Sin embargo, ahí quedó la cosa. Parece que me conformé con eso. Las pasadas navidades el destino, no yo, ha vuelto a poner en mi camino a este famosísimo neurólogo y escritor británico. Los Reyes Magos dejaron en mis calcetines su autobiografía: En movimiento. Una vida (recordemos que Sacks murió tras una larga lucha contra un cáncer el pasado mes de agosto de 2015, noticia que me entristeció bastante…).
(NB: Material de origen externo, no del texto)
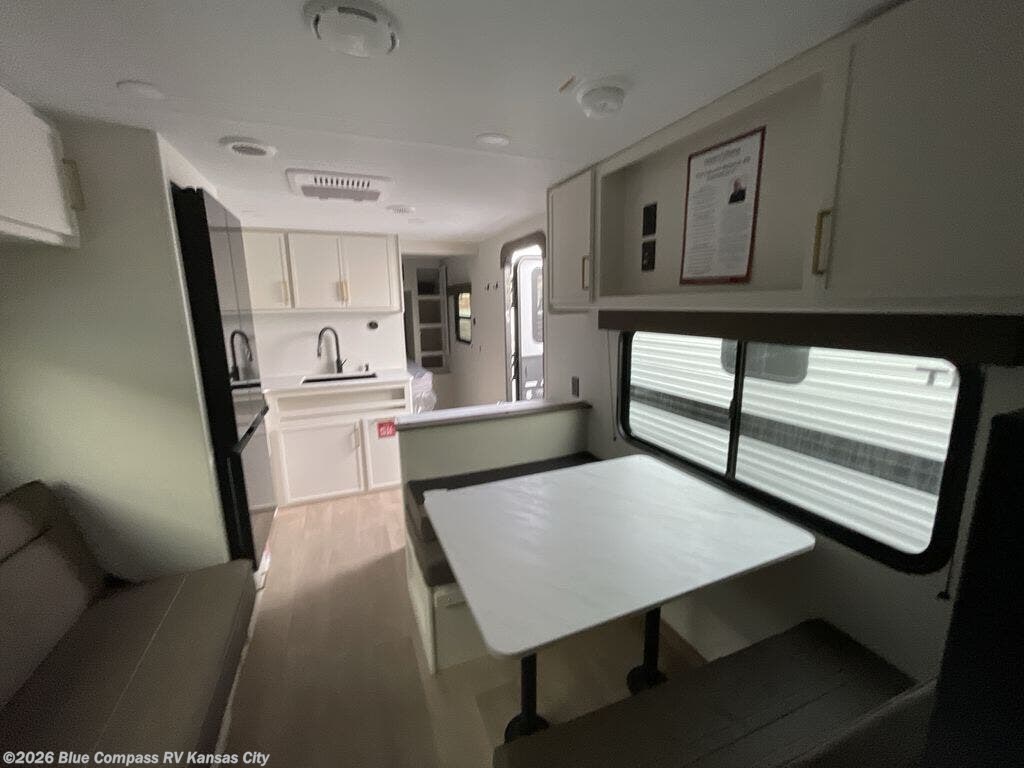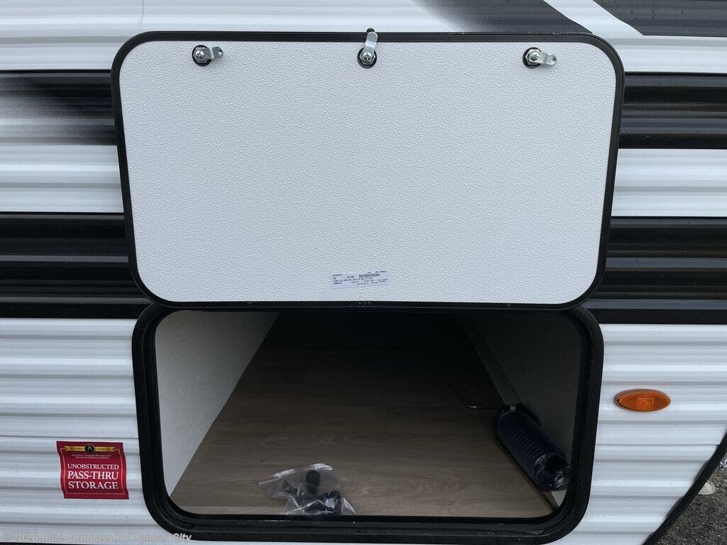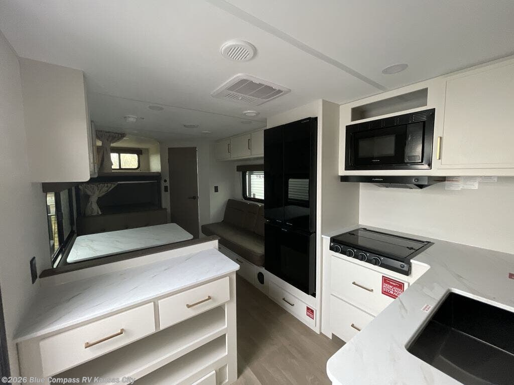 This is the perfect travel trailer if you like to camp with friends and family. Since there are double-size bunks, a queen bed in the front bedroom, plus a booth dinette and sofa, you can sleep eight campers each night! The three burner range and microwave in the kitchen will let you cook meals each day, and the 12V refrigerator will keep your cold items fresh. This model also includes a counter with extra storage underneath, a pull-out trash can storage for convenience, and a full bath to freshen up in each day. And you'll love having your own space in the front bedroom with a privacy curtain, dual wardrobes, and TV prep if you want to add a television!
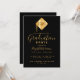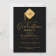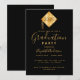 An elegant, simple invitation card for a graduation party for both him and her. A black background and a modern black abstract tassel topper in faux gold with the year inside. Template for name and party details. The text Graduation and the name are written with modern handlettered style script. Golden coloured text.

En seguida empecé a devorar las páginas de su historia y he de decir que he quedado embelesada por la ternura y honestidad con la que relata los acontecimientos más importantes de su vida: desde su pasión por las motos, los viajes solitarios, el buceo y la natación, las cicádaceas y todo tipo de vegetaciones terrestres y marinas, hasta otros aspectos de su vida que él no había dado a conocer aún, como su homosexualidad –y el rechazo que su madre le mostró al saberlo y lo que le marcó de por vida eso-, su etapa de halterofilia y su coqueteo con las drogas.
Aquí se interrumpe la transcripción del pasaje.